Time appears to be running out for the clinic. With the GOP enjoying supermajorities in the state House and Senate, the General Assembly is expected to make Indiana one of the first states to pass new abortion restrictions since Dobbs. A model bill circulated by the powerful Republican attorney James Bopp would ban nearly all the 7,000 annual abortions in the state, including in cases of rape and incest.
Even in a Democratic-leaning city like South Bend, though, reaction to Barrett’s position on the Dobbs ruling doesn’t fit into tidy boxes. On Wednesday evening, I traveled roughly 30 miles east of South Bend to Northridge High School in Middlebury for a town hall to take the temperature of two political figures with South Bend and Notre Dame ties. “I think this issue and these instances are very complex,” said Indiana Democratic Party Chairman and South Bend resident Mike Schmuhl, who attended private Catholic School and Notre Dame and worked for former Sen. Joe Donnelly, an anti-abortion Democrat who is now Biden’s ambassador to the Vatican. He added: “You need to support life throughout its entirety and be prepared to do that. And that means a lot of different things. Good schools. Safe neighborhoods. Medicare. Medicaid. Social Security. Poverty. Housing. Good paying jobs. Healthcare. And [the GOP] is pretty quiet on those.” (UPDATE: A spokesman for the Indiana Democratic Party said Schmuhl is “emphatically pro-choice.”)

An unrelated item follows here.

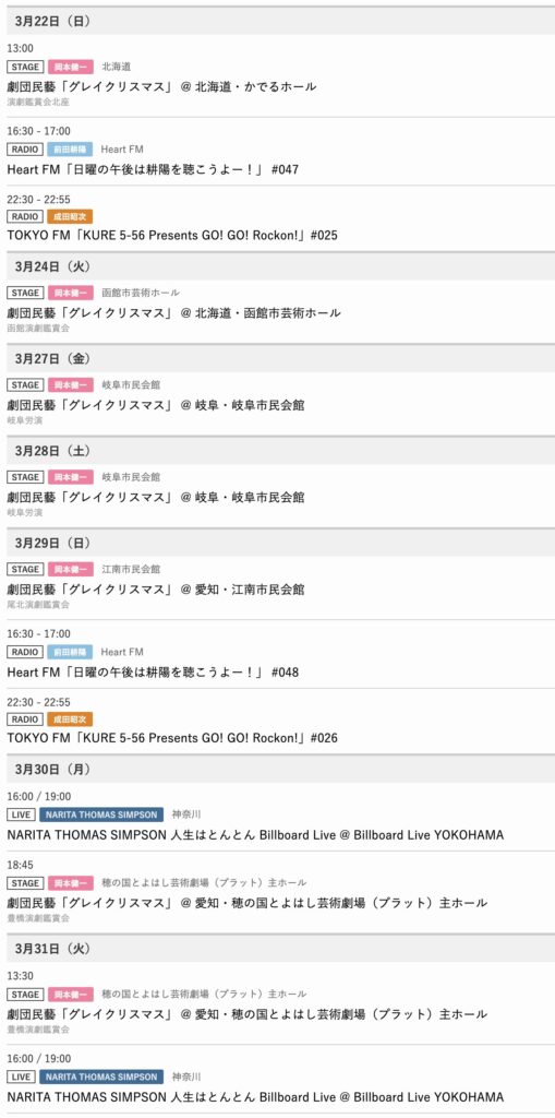3/22〜3/31までのスケジュールをお届けします。 ※現時点で確認可能な範囲のみ。 (... -
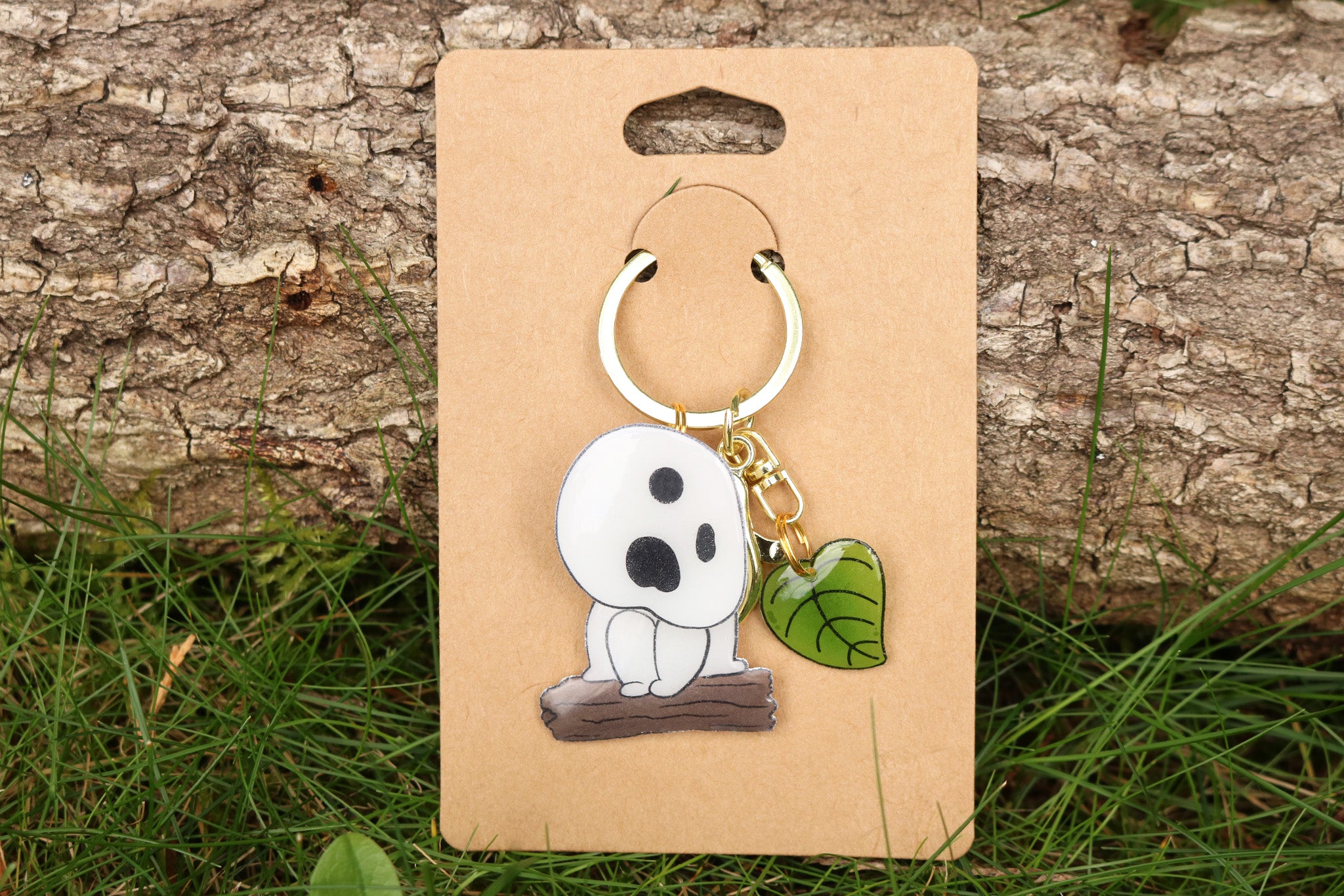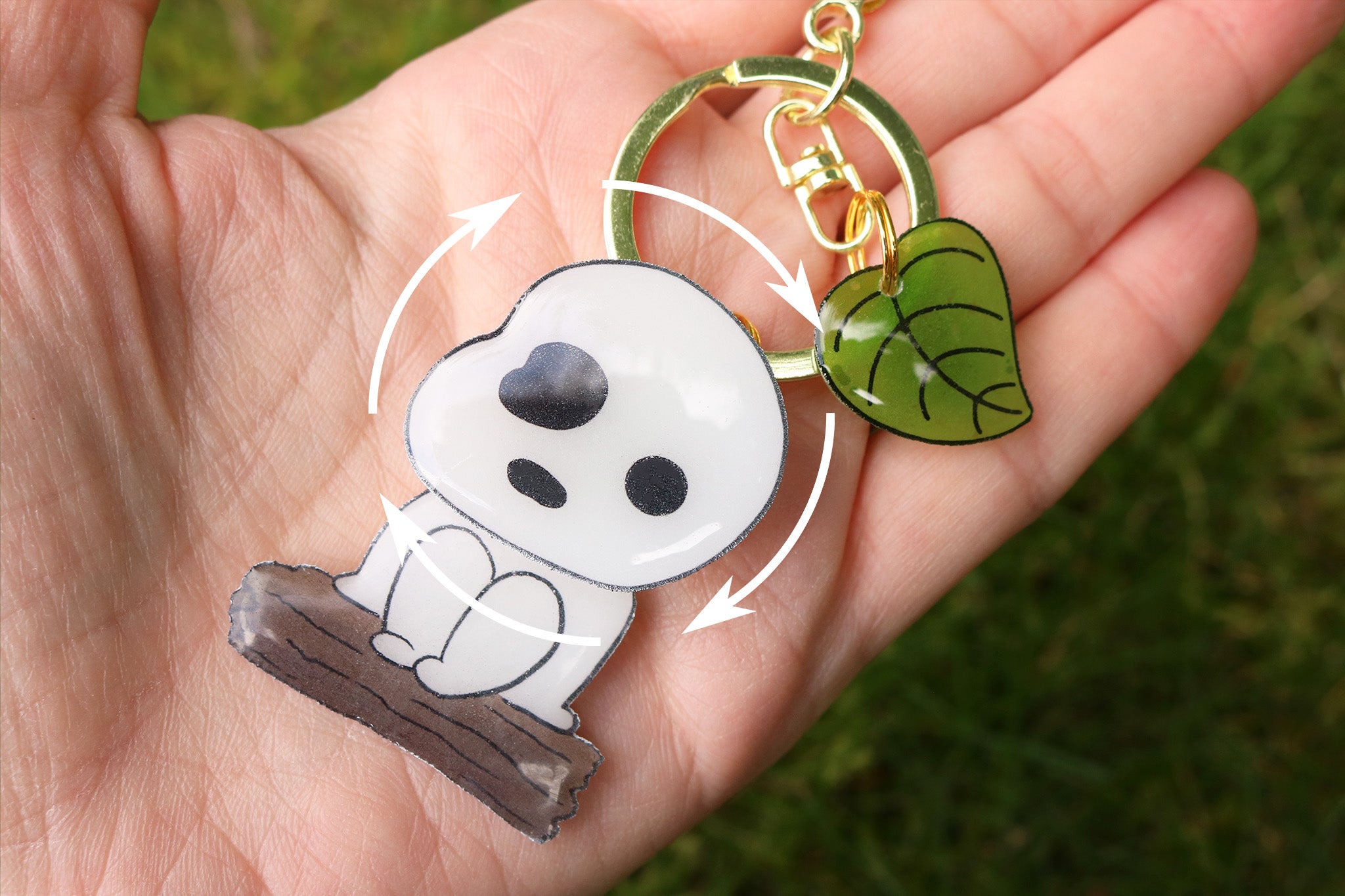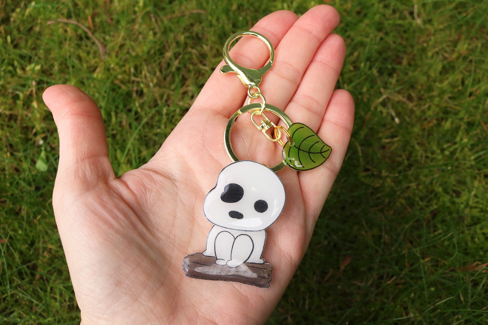 Es un daruma de la película ¨La princesa Mononoke¨. La cabecita gira como la de los darumas de la película. Como complemento tiene una hojita.

Also there: Hammond Mayor Tom McDermott, the Democratic Senate candidate challenging incumbent Sen. Todd Young. McDermott, a former Navy submariner and a Notre Dame University Law graduate, studied under Jesse Barrett, Amy Coney Barrett’s husband. Since the ruling, McDermott has been a vocal critic of Young’s decision to support the nominations of Justice Brett Kavanaugh and Neil Gorsuch. He has said less about Barrett.
“I do have a conflict of interest, so to speak when it comes to Justice Amy,” McDermott told me. “We went to the same law school, which is such a small community. I imagine if I was a U.S. senator, I would have voted to confirm her being honest with you.”
A few hours later, McDermott texted me to clarify his remarks. “Although my ties to Notre Dame may have made it a more complicated decision, I would have been a no vote on Amy Coney Barrett’s confirmation,” McDermott told me. “Looking back and knowing she voted in the Dobbs decision, that obviously would have been the correct call.”